Problem requirements
Could you retype, exactly and with no pictures, only the lines from the first line of the records below through the line that contains "2 Piece Multi-Chain"?
::: Task input :::
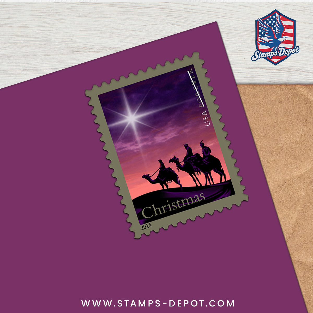 The stamp art illustrates the traditional tale of the Magi, who came bearing gifts for Jesus. The three regal figures sit atop a trio of bedecked and harnessed camels, the animals almost at the summit of a small hill. Guiding them is a large, dazzling star shining in the sky. The colors in the sky range from a rose near the horizon, darkening to a rich purple at the top, suggesting that the travelers are moving through the desert at dawn. The figures are silhouetted against the background, with the details of their headdresses and the camels' saddles just visible in the brightening light. The star, located in the upper left-hand corner of the picture, is a brilliant white.
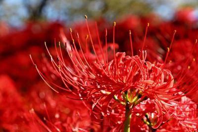 深い紅色の花がサワサワと風に揺れ、まるで赤い川の様に見える曼珠沙華は他の場所では見ることの出来ない景色で、堤に展開するそんなフォトジェニックな光景が見たくて、権現堂公園へと足を運ぶ人も多いと思う。
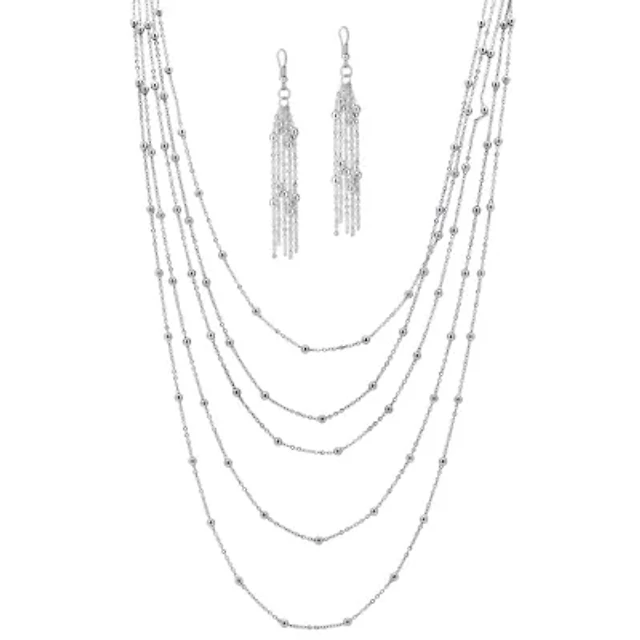 2 Piece Multi-Chain Beaded Station Necklace and Drop Earrings Set Goldtone
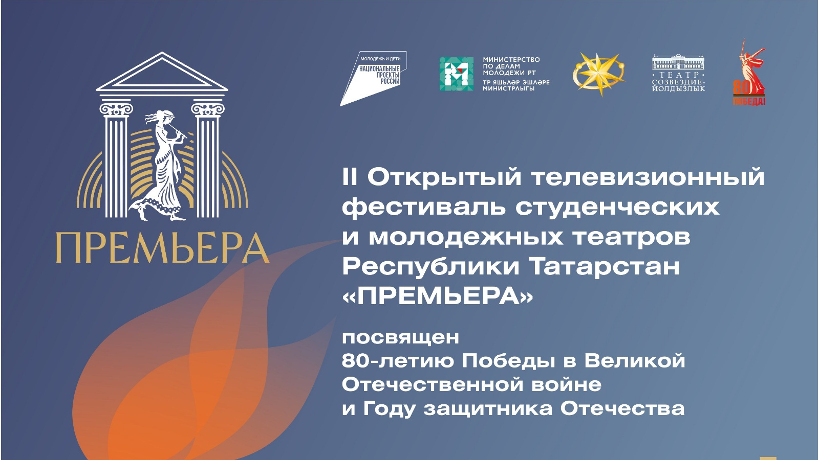 Быел Бөек Ватан сугышында Җиңүнең 80 еллыгына һәм Ватанны саклаучылар елына багышланган «ПРЕМЬЕРА» студентлар һәм яшьләр театрларының II ачык телевизион фестиваленең заявка кампаниясе дәвам итә. Спектакльләрнең материалларын-видеоверсияләрен электрон почтага җибәрергә кирәк festival-premiera@yandex.ru фестивальнең торышы белән түбәндәге сылтама буенча танышырга мөмкин: minmol.tatarstan.ru/polozheniy....
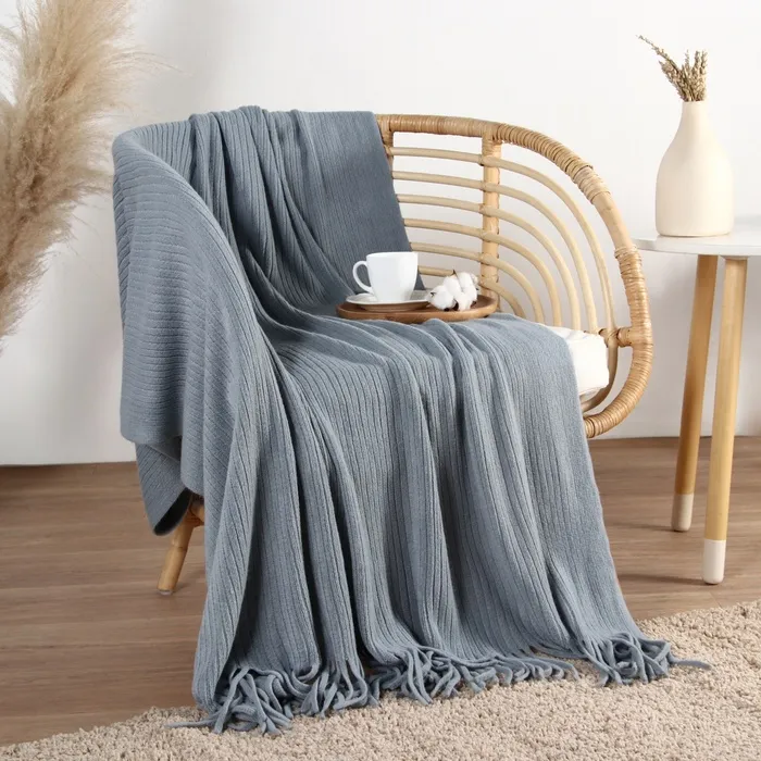 Плед Валенсия 140х200см, 03/BABBLE, бел/дым/т.сер, хл 50%, пэ 30%, пан 20%
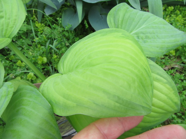 Hosta ‘Guacamole’ leaves can get up to 11″ long x 8″ wide.
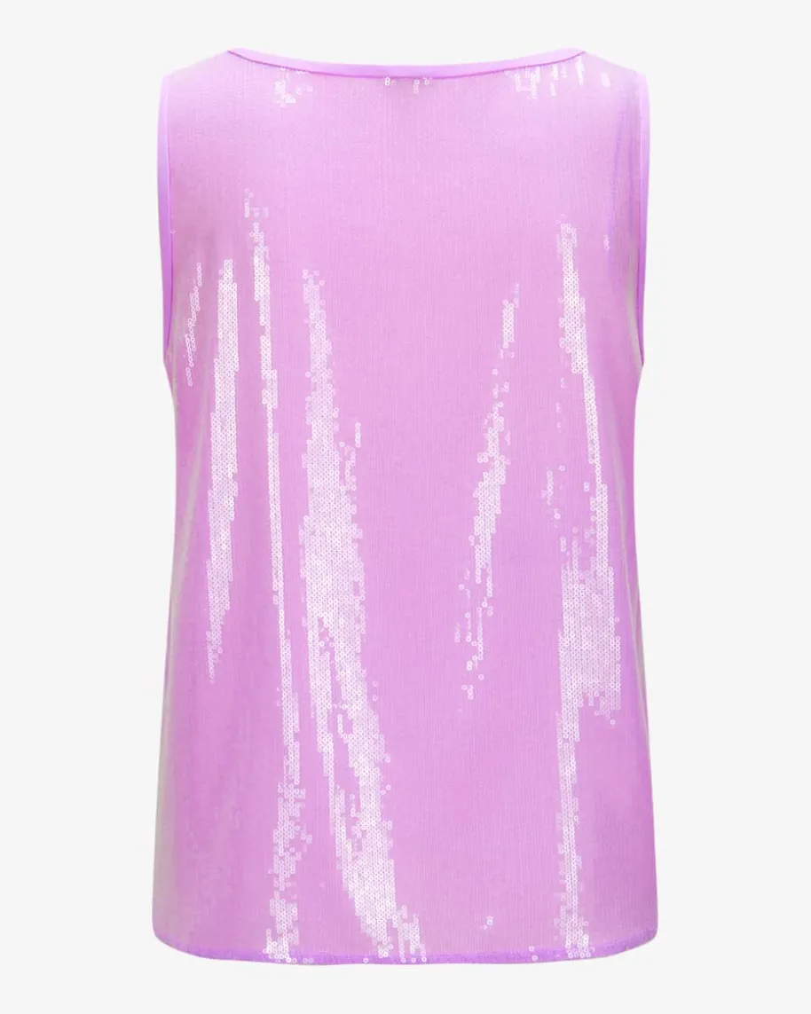 Paillettentop für Damen von Marc Cain in Lavendel. Das Modell präsentiert sichmitchangierender Pailletten-Qualität, die für einen changierenden Look sorgt – Einmodischer Begleiter für Hingucker-Styles.
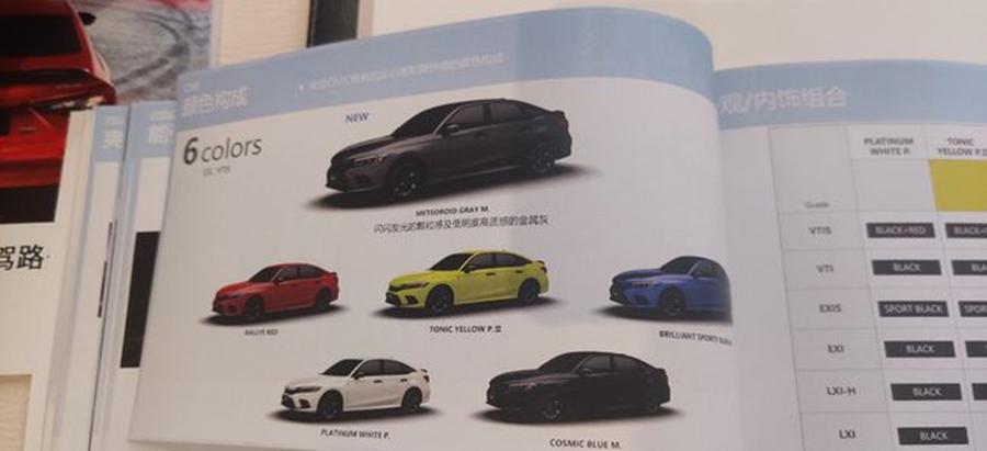 从此次官方发布的信息来看,全新思域将推出6款配置车型,并提供6种外观配色、3种内饰配色以及5种轮毂样式可供选择。具体来看,6款配置车型包括VTIS、VTI、EXIS、EXI、LXI-H、LXI,6种车身颜色包括1种白色、1种黄色、2种蓝色、1种红色以及新增的1种灰色,5种样式的轮毂均为铝合金材质,包括两款16英寸和和三款17英寸。
:::
Written response
 The stamp art illustrates the traditional tale of the Magi, who came bearing gifts for Jesus. The three regal figures sit atop a trio of bedecked and harnessed camels, the animals almost at the summit of a small hill. Guiding them is a large, dazzling star shining in the sky. The colors in the sky range from a rose near the horizon, darkening to a rich purple at the top, suggesting that the travelers are moving through the desert at dawn. The figures are silhouetted against the background, with the details of their headdresses and the camels' saddles just visible in the brightening light. The star, located in the upper left-hand corner of the picture, is a brilliant white.
 深い紅色の花がサワサワと風に揺れ、まるで赤い川の様に見える曼珠沙華は他の場所では見ることの出来ない景色で、堤に展開するそんなフォトジェニックな光景が見たくて、権現堂公園へと足を運ぶ人も多いと思う。
 2 Piece Multi-Chain Beaded Station Necklace and Drop Earrings Set Goldtone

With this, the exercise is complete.